Dankzij het akkoord tussen het VK en de EU werden importheffingen na Brexit vermeden voor goederen van EU- of VK-preferentiële origine. Om van die nultarieven te kunnen genieten moet u echter de preferentiële origine van uw goederen aan kunnen tonen en vervolgens opeisen met een oorsprongsverklaring. Hiermee geeft u aan in welk land uw product is gemaakt. Voor ondernemingen die nog nooit buiten de EU actief zijn geweest, betekent dit een belangrijke aanpassing. Wij vatten de administratieve verplichtingen voor u samen en sluiten af met een handig stappenplan.
Wat werd er afgesproken in het vrijhandelsakkoord?
Het EU-VK-akkoord betekent dat goederen van EU of VK origine niet onderhevig zijn aan importtarieven. De nultarief- en nulquotabepalingen zijn van toepassing op bijna alle goederen die aan de oorsprongsregels voldoen. Tonijn in blik of bepaalde aluminiumproducten zijn voorbeelden van producten waarvoor wel quota gelden. Handelaars kunnen zelf de oorsprong van hun goederen certificeren.
Wat zijn oorsprongregels?
Oorsprongregels geven de nationaliteit van een goed aan. Hiermee wordt bedoeld: het land waar het goed in hoofdzaak werd gefabriceerd of geproduceerd. Ze bepalen aan welke voorwaarden een product moet voldoen opdat het de nationaliteit van dat land krijgt. Er wordt een onderscheid gemaakt tussen niet-preferentiële en preferentiële oorsprong.

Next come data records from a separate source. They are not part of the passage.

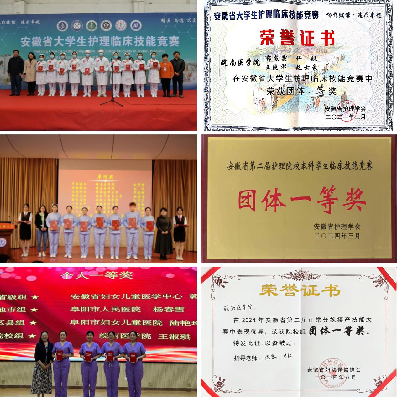 学生在全国首届、第二届护理学专业本科临床技能大赛中先后荣获三等奖、二等奖;2021年获第十届全国大学生技能比赛华东片区赛二等奖;2021年、2024年在安徽省第一、二届护理院校本科学生临床技能竞赛均获团体一等奖,共获9个单项奖;2024年在安徽省第二届正常分娩接产技能大赛中获院校组团体一等奖。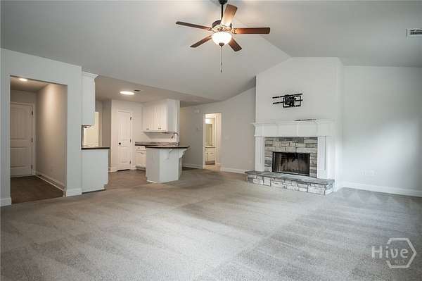 Tucked within the quiet countryside of Madison County on a low-traffic street, this nearly new Craftsman home-built in 2023-offers the perfect blend of privacy, comfort, and effortless entertaining. Set on an expansive 1.50-acre lot, the property captures a peaceful, natural setting while showcasing a move-in ready home. A welcoming rocking chair front porch sets the tone, leading into a spacious, vaulted-ceiling great room with a stone-accented fireplace setting the stage. Notable Interior features include durable luxury vinyl plank flooring, plush carpet, 9+ foot ceilings, a refined trim package, and a cohesive, well-chosen color palette throughout. Natural light pours in through multiple windows, enhancing the home's warm and inviting atmosphere. Designed with entertaining in mind, the open-concept seamlessly connects the fireside living area to a well-equipped kitchen featuring ample cabinetry, generous counter space, stainless steel appliances, pantry and an easy flow into the formal dining room-perfect for hosting dinner gatherings. A desirable split-bedroom floor plan ensures privacy, with secondary bedrooms and baths thoughtfully positioned on one side, while the owner's suite is quietly tucked away on the other. This private retreat offers generous space, a walk-in closet, and a beautifully finished ensuite bath designed for comfort and relaxation. Outdoors, the serene setting continues with a private rear patio overlooking the expansive backyard-an ideal space to unwind and take in the peaceful surroundings. Offering space, privacy, and mint condition, this Madison County home delivers a the perfect opportunity for sweet country living.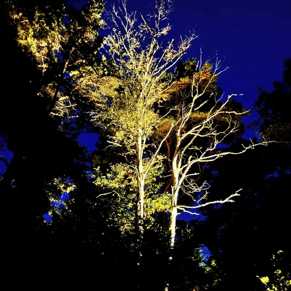 Den kraftfulla markspotten Cosmo är byggd för att erbjuda stora och höga träd ordentligt med ljus. Den lite smalare spridningsvinkeln gör att ljuset når längre och ändå, på lite avstånd, kan breda ut sig över en trädkrona.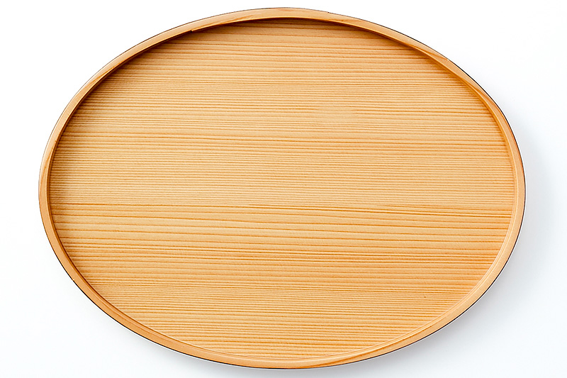 「Round AKITA」(秋田一周)という名のように、トレイの周囲をぐるりと桜皮の帯であしらい、杉との美しいコントラストを構成しています。

Het akkoord tussen het VK en de EU voorziet bilaterale cumulatie en productspecifieke oorsprongregels. Die leggen voor elk product de vereisten vast opdat een goed als ‘van oorsprong’ kan worden beschouwd. Dit gebeurt op basis van een HS-code, een geharmoniseerd systeem voor de omschrijving en codering van goederen, ontwikkeld door de Werelddouaneorganisatie.
> Ontdek meer over oorsprongsregels na Brexit.
|
Wat zijn ‘producten van oorsprong’?
Er zijn twee manieren om een product als ‘van oorsprong’ te beschouwen:
- Volledig verkregen producten: goederen die uitsluitend zijn verkregen of geproduceerd in het ene land, zonder gebruik te maken van materialen uit een ander land. Bijvoorbeeld: groenten gepland en geoogst in West-Vlaanderen zijn van Belgische oorsprong. (Voor meer info, zie artikel ORIG.5 in het VK-EU-akkoord.)
-
Voldoende bewerkte of herwerkte producten: goederen die substantieel getransformeerd zijn in overeenstemming met de relevante productspecifieke regels. Er zijn drie basisregels om te beslissen of goederen voldoende bewerkt zijn:
- de meerwaarderegel: een product wordt ‘voldoende bewerkt’ geacht wanneer de waardestijging van het goed een bepaald niveau bereikt, uitgedrukt in een ‘ad valorem’-percentage (zie opmerking 4 van annex ORIG-1 in het akkoord).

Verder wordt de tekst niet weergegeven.